Digital wildfires – the propagation of success or failure in digital businesses – come from close connections between individuals, more than the quality of content or any individual action behind it. Bharat Anand
In 2003, Warner Music wanted its sister division, Time Warner Cable, to track down music pirates and sue them. Time Warner said no. It joined with its rival Verizon to fight against divulging its users’ names. Content providers must choose their friends wisely.
The Economist magazine ignored the internet entirely at first and didn’t register a URL. With its digital content behind a paywall, The Economist flourished through the disruptive late 1990s, 2000s and 2010s, increasing its number of subscribers many times over because it continued to provide solid news and analysis, as it has for the past 150 years.
Define competition solely from the perspective of your product or content, and you’ll focus on a single class of competitors. Define it from the perspective of your customer…and you’ll see entirely new competitors.Bharat Anand
No magazine can imitate The Economist successfully, Anand contends. It demonstrates that prestige and curated consistency matter.
Consider your clients’ preferences and behavior. Determine what matters most to them, and offer the best of that. Run analytics to learn what draws them, and never focus your business on anything they don’t value.

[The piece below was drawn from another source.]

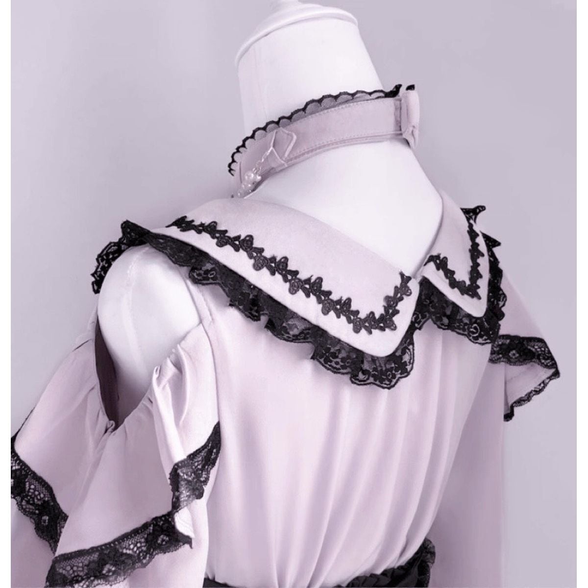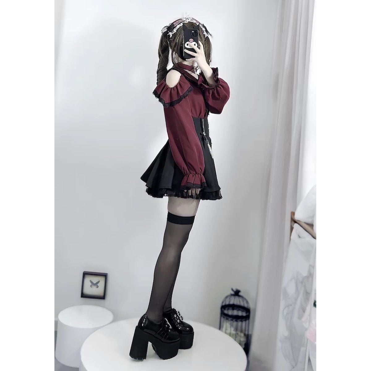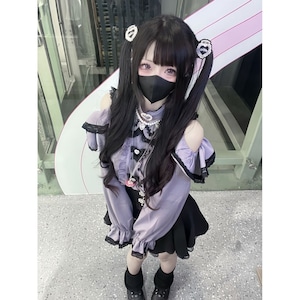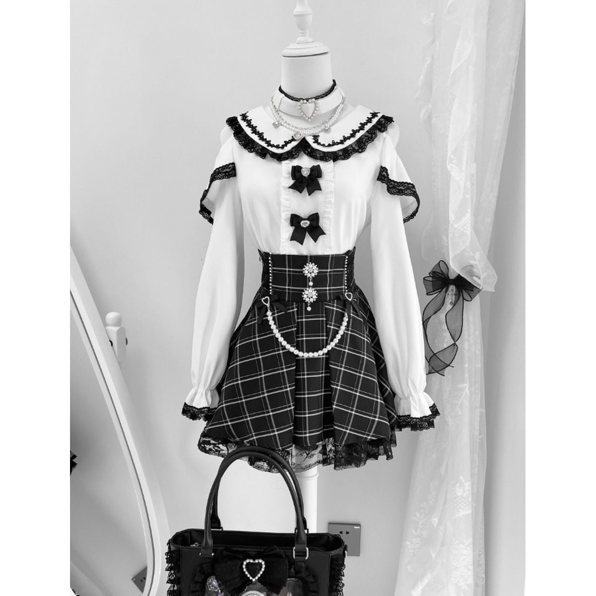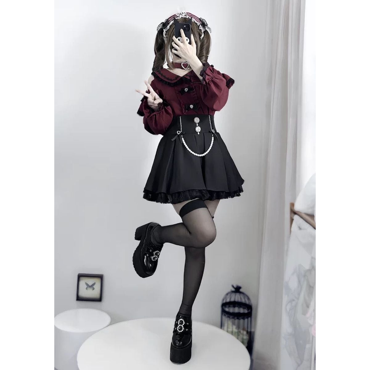 地雷系オープンショルダーパールチェーンスカートセットアップ:長袖ブラウス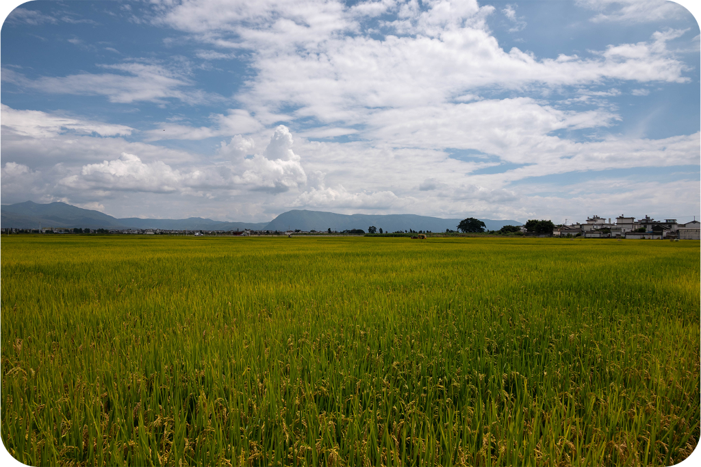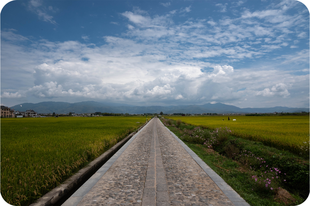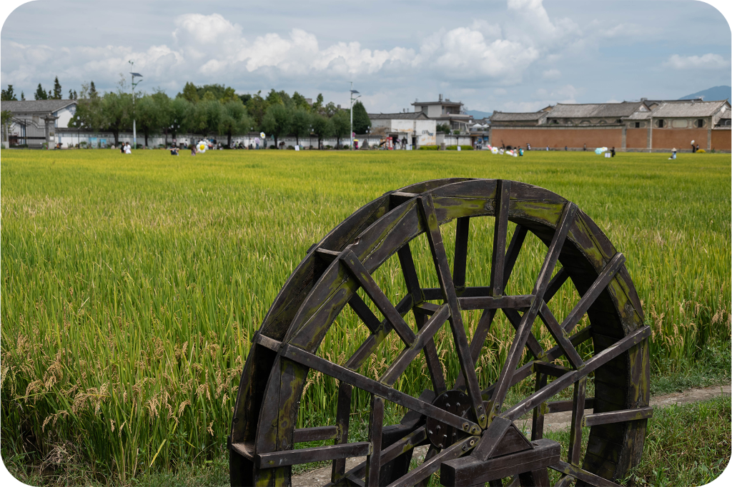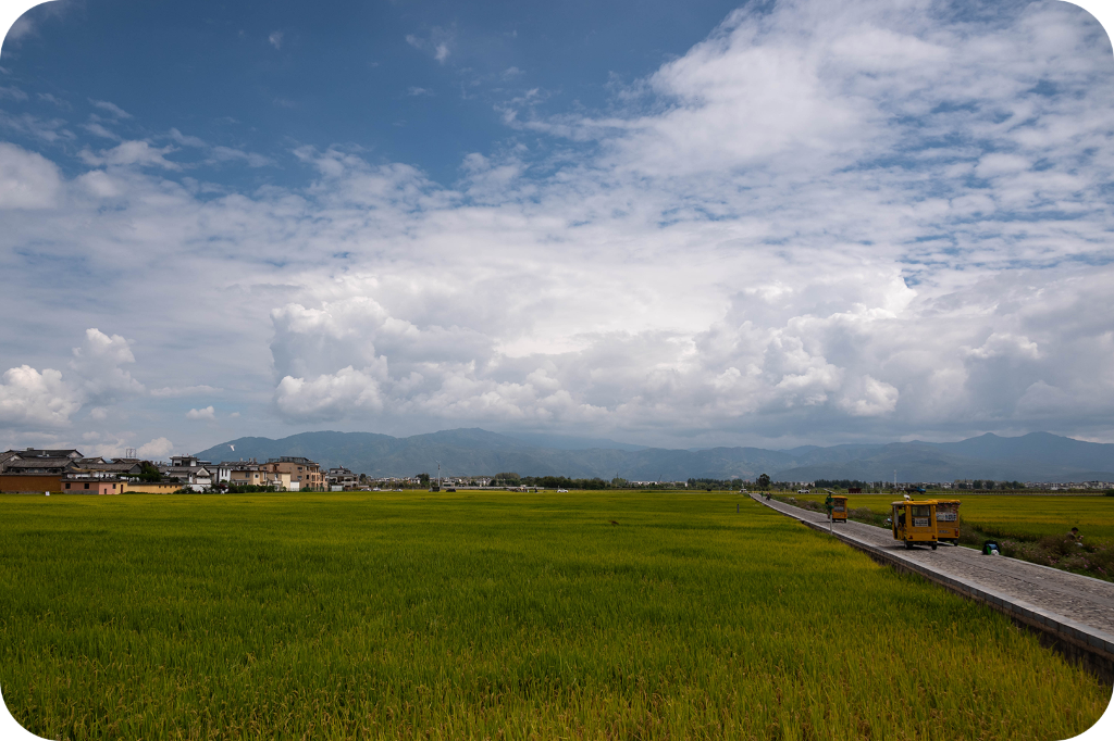 喜洲古镇里最为知名的景色,还是要数这片屡屡出现在网红照片中的稻田。

Anand illuminates his highly functional way of thinking with sterling examples and unexpected lessons that will make you smile. He takes a professorial view of his material and presents each chapter as a handy, self-contained teaching tale, so you needn’t read them in order if you’d rather choose each chapter as it pertains to your business or interest. Anand is especially illuminating for anyone in the world of music or artistic content.
Other works on digital business include How Music Got Free by Stephen Witt; A Mind at Play by Jimmy Soni; and Information Theory by James V. Stone.